§ **Exercise goal**:
Give back the records that follow exactly, images excluded.
Information given section start
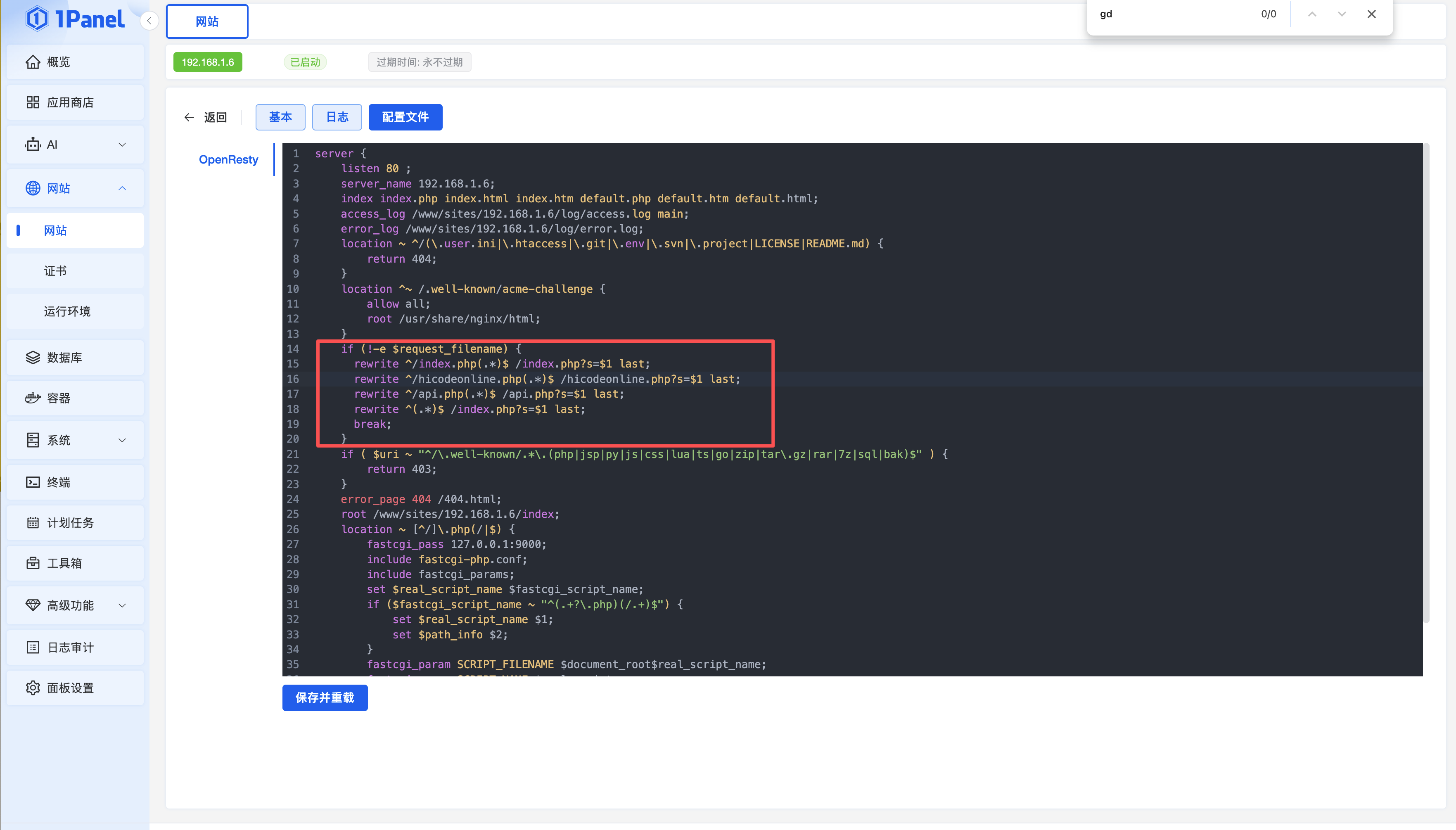 安装好1Panel后,在浏览器打开并登录管理后台
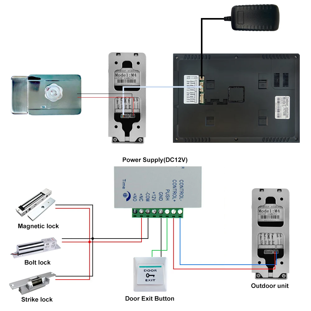 (Замок без типа может быть подключен к камере напрямую. Но магнитный замок, Блокировка удара и блокировка болтов должны быть подключены к дополнительному источнику питания DC12V.) Если вы хотите установить Электрический магнитный замок, strike lock, bolt lock на камеру, нужно купить источник питания DC12V. (Оба источника питания, замки, кнопка выхода двери не включены в посылка)
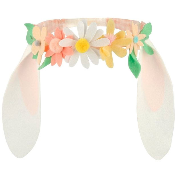 Adorabili orecchie da coniglietto, perfette per la tua festa di Pasqua! Sono splendidamente realizzate in feltro, con tulle rosa sulle orecchie e dolci pompon e nappe sui fiori.
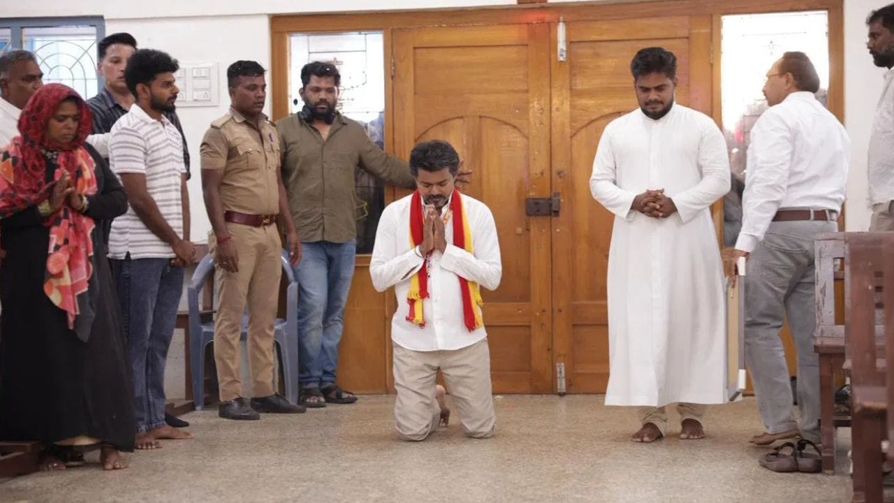 'தமிழக வெற்றிக் கழகம்' (TVK) கட்சியின் தலைவர் விஜய், இன்று திருச்சியில் உள்ள வயர்லெஸ் சாலையில் அமைந்துள்ள புனித அந்தோணியார் ஆலயத்திற்குச் சென்று, முட்டி போட்டப்படி நடந்து பிரார்த்தனை செய்தார். ஒரு தேவாலயத்திற்குள் பிரார்த்தனை செய்வதற்காக விஜய் முழங்காலிட்டு நடந்து செல்லும் காணொளி ஒன்று சமூக ஊடகங்களில் பரவி வருகிறது. இதனை தொடர்ந்து, மசூதிக்கும், அம்மன் கோயிலுக்கும் சென்று வழிபாடு செய்தார் விஜய்.
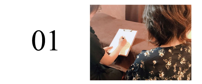 ご来店後、問診票をご記入いただきます。 問診票をもとにカウンセリングを行います。 その後、施術についての説明をいたします。 この時にわからないことや不安なことなど少しでもあれば遠慮なく聞いて下さい。
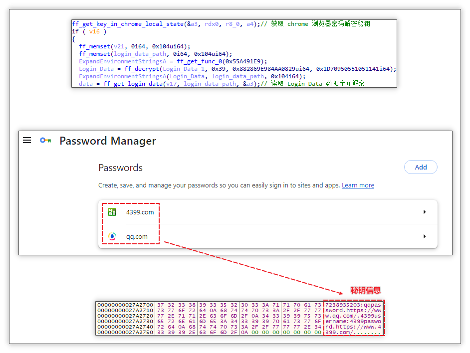 接着,读取路径为 Google\Chrome\User Data\Default\Login Data 数据库,该数据库为 SQLite 数据库。通过 SELECT origin_url, username_value, password_value FROM logins ORDER BY date_created DESC 指令获取域名、用户名、密码(密码利用 Local State 中的秘钥 key 进行解密)等信息。
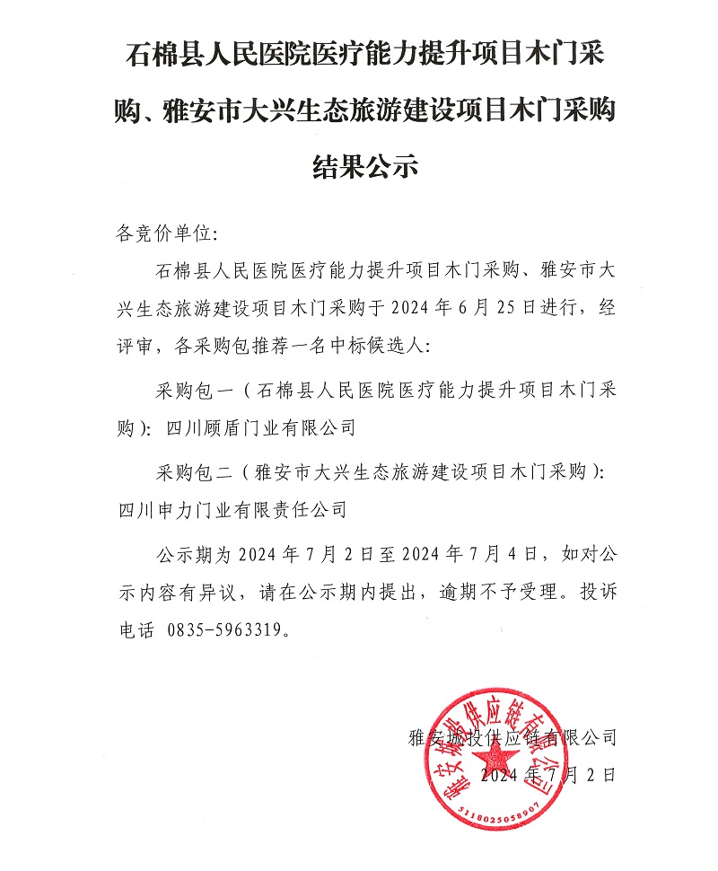 石棉縣人民醫(yī)院醫(yī)療能力提升項(xiàng)目木門(mén)采購(gòu)、雅安市大興生態(tài)旅游建設(shè)項(xiàng)目木門(mén)采購(gòu)結(jié)果公示
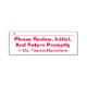 This basic rubber stamp design features the message "Please Review, Initial, And Return Promptly", along with a line that a signature or initials could be written above. It also features a customised tutor or teacher name. It might be be used by an educator, teacher or tutor to ask a student’s parent(s) or guardian(s) to review and acknowledge the mark that a student got on an exam, a project, a test, a quiz, or some other school assignment.
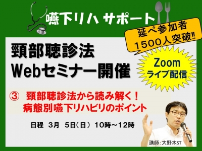 嚥下リハビリは、食べ物を用いる「直接訓練」と食べ物を用いない「間接訓練」に大きく分けられます。「直接訓練」については、嚥下評価や食事形態・姿勢・介助方法の工夫について、多くの書籍や研修会で学ぶことができます。しかし、「間接訓練」についてはどうでしょうか?アイスマッサージ、口腔ケア、嚥下体操などの画一的な内容を、「直接訓練」の“補助的”に学ぶ程度なのが現状ではないでしょうか。 「むせるからトロミをつけましょう」的に、パタカラ体操をしていたって効果がでることはないでしょう。「パンダの宝もの」や「寿限無寿限無」に替えてみたって同じです。当然ながら、病態に合わせた間接訓練が必要です。たとえば、咽頭クリアランスが悪いのであれば、姿勢の問題なのか、舌の筋力の問題なのか、咀嚼・食塊形成機能の影響なのか、など考えて訓練方法を選択していくわけです。反射遅延だけが問題であるなら、トロミなしで嚥下するために有効な方法・訓練、トロミをつけても誤嚥しやすい方に有効な方法などを検討・訓練していきます。そのために頸部聴診法を活用して「3つの嚥下機能」を把握しておく必要があるわけですね。 また、私は、現在の超高齢社会においては、「誤嚥リスクの軽減」より、「誤嚥性肺炎リスクの軽減」を意識した嚥下リハビリが重要になってきていると感じています。そのためには、身体機能にも目を向けた幅広い「間接訓練」が必要不可欠です。「舌が前に出ないからガーゼで舌を引きだす」、「飲み込みが弱いからシャキア訓練で頸部前面の筋を鍛える」など、目の前の口腔の問題だけをみて訓練を行っているのではうまくいかないことを、皆さん自身が感じていることでしょう。 このセミナーでは、頸部聴診による異常音から病態を読み解き、現場ですぐに使える訓練方法をお伝えしていきます。嚥下運動を支える頸部・肩甲帯の筋・関節の知識、姿勢や喀出能力を改善させるためのストレッチなど、“嚥下の土台からのアプローチ”について、触診や体験実習を豊富に取り入れながら学んでいきます。言語聴覚士や看護師をはじめ、「間接訓練を何とかしたい!」「嚥下リハに身体的なアプローチを取り入れたい!」という方はぜひご参加ください!
Information given section end
§ **Response box**:
 安装好1Panel后,在浏览器打开并登录管理后台
 (Замок без типа может быть подключен к камере напрямую. Но магнитный замок, Блокировка удара и блокировка болтов должны быть подключены к дополнительному источнику питания DC12V.) Если вы хотите установить Электрический магнитный замок, strike lock, bolt lock на камеру, нужно купить источник питания DC12V. (Оба источника питания, замки, кнопка выхода двери не включены в посылка)
 Adorabili orecchie da coniglietto, perfette per la tua festa di Pasqua! Sono splendidamente realizzate in feltro, con tulle rosa sulle orecchie e dolci pompon e nappe sui fiori.
 'தமிழக வெற்றிக் கழகம்' (TVK) கட்சியின் தலைவர் விஜய், இன்று திருச்சியில் உள்ள வயர்லெஸ் சாலையில் அமைந்துள்ள புனித அந்தோணியார் ஆலயத்திற்குச் சென்று, முட்டி போட்டப்படி நடந்து பிரார்த்தனை செய்தார். ஒரு தேவாலயத்திற்குள் பிரார்த்தனை செய்வதற்காக விஜய் முழங்காலிட்டு நடந்து செல்லும் காணொளி ஒன்று சமூக ஊடகங்களில் பரவி வருகிறது. இதனை தொடர்ந்து, மசூதிக்கும், அம்மன் கோயிலுக்கும் சென்று வழிபாடு செய்தார் விஜய்.
 ご来店後、問診票をご記入いただきます。 問診票をもとにカウンセリングを行います。 その後、施術についての説明をいたします。 この時にわからないことや不安なことなど少しでもあれば遠慮なく聞いて下さい。
 接着,读取路径为 Google\Chrome\User Data\Default\Login Data 数据库,该数据库为 SQLite 数据库。通过 SELECT origin_url, username_value, password_value FROM logins ORDER BY date_created DESC 指令获取域名、用户名、密码(密码利用 Local State 中的秘钥 key 进行解密)等信息。
 石棉縣人民醫(yī)院醫(yī)療能力提升項(xiàng)目木門(mén)采購(gòu)、雅安市大興生態(tài)旅游建設(shè)項(xiàng)目木門(mén)采購(gòu)結(jié)果公示
 This basic rubber stamp design features the message "Please Review, Initial, And Return Promptly", along with a line that a signature or initials could be written above. It also features a customised tutor or teacher name. It might be be used by an educator, teacher or tutor to ask a student’s parent(s) or guardian(s) to review and acknowledge the mark that a student got on an exam, a project, a test, a quiz, or some other school assignment.
 嚥下リハビリは、食べ物を用いる「直接訓練」と食べ物を用いない「間接訓練」に大きく分けられます。「直接訓練」については、嚥下評価や食事形態・姿勢・介助方法の工夫について、多くの書籍や研修会で学ぶことができます。しかし、「間接訓練」についてはどうでしょうか?アイスマッサージ、口腔ケア、嚥下体操などの画一的な内容を、「直接訓練」の“補助的”に学ぶ程度なのが現状ではないでしょうか。 「むせるからトロミをつけましょう」的に、パタカラ体操をしていたって効果がでることはないでしょう。「パンダの宝もの」や「寿限無寿限無」に替えてみたって同じです。当然ながら、病態に合わせた間接訓練が必要です。たとえば、咽頭クリアランスが悪いのであれば、姿勢の問題なのか、舌の筋力の問題なのか、咀嚼・食塊形成機能の影響なのか、など考えて訓練方法を選択していくわけです。反射遅延だけが問題であるなら、トロミなしで嚥下するために有効な方法・訓練、トロミをつけても誤嚥しやすい方に有効な方法などを検討・訓練していきます。そのために頸部聴診法を活用して「3つの嚥下機能」を把握しておく必要があるわけですね。 また、私は、現在の超高齢社会においては、「誤嚥リスクの軽減」より、「誤嚥性肺炎リスクの軽減」を意識した嚥下リハビリが重要になってきていると感じています。そのためには、身体機能にも目を向けた幅広い「間接訓練」が必要不可欠です。「舌が前に出ないからガーゼで舌を引きだす」、「飲み込みが弱いからシャキア訓練で頸部前面の筋を鍛える」など、目の前の口腔の問題だけをみて訓練を行っているのではうまくいかないことを、皆さん自身が感じていることでしょう。 このセミナーでは、頸部聴診による異常音から病態を読み解き、現場ですぐに使える訓練方法をお伝えしていきます。嚥下運動を支える頸部・肩甲帯の筋・関節の知識、姿勢や喀出能力を改善させるためのストレッチなど、“嚥下の土台からのアプローチ”について、触診や体験実習を豊富に取り入れながら学んでいきます。言語聴覚士や看護師をはじめ、「間接訓練を何とかしたい!」「嚥下リハに身体的なアプローチを取り入れたい!」という方はぜひご参加ください!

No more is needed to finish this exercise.